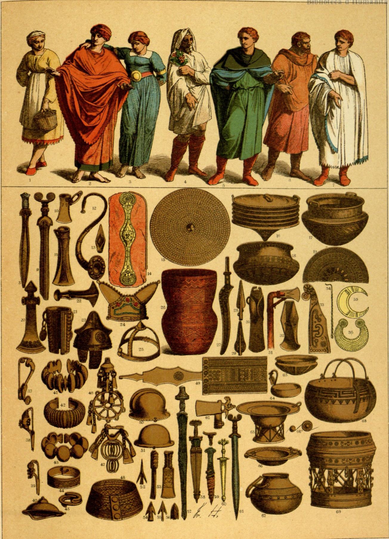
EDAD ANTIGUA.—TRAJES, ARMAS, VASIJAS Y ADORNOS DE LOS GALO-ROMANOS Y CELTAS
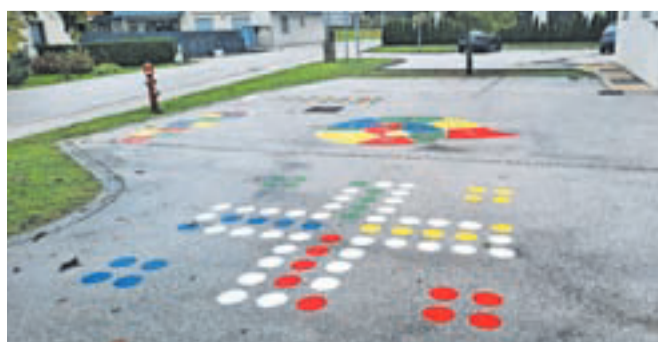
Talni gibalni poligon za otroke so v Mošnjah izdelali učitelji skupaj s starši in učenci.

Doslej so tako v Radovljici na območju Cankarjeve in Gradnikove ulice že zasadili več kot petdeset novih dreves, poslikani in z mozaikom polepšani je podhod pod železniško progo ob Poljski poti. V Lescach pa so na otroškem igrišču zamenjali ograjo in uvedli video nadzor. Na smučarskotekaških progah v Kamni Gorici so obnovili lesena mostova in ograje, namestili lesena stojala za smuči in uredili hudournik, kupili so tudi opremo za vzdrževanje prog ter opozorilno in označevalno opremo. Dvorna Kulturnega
..............................
GOAL OF THE EXERCISE: For this exercise, copy each line of the data above exactly, from the first through the line containing "Talni gibalni poligon", and drop the pictures.

WRITTEN ANSWER:
EDAD ANTIGUA.—TRAJES, ARMAS, VASIJAS Y ADORNOS DE LOS GALO-ROMANOS Y CELTAS
Talni gibalni poligon za otroke so v Mošnjah izdelali učitelji skupaj s starši in učenci.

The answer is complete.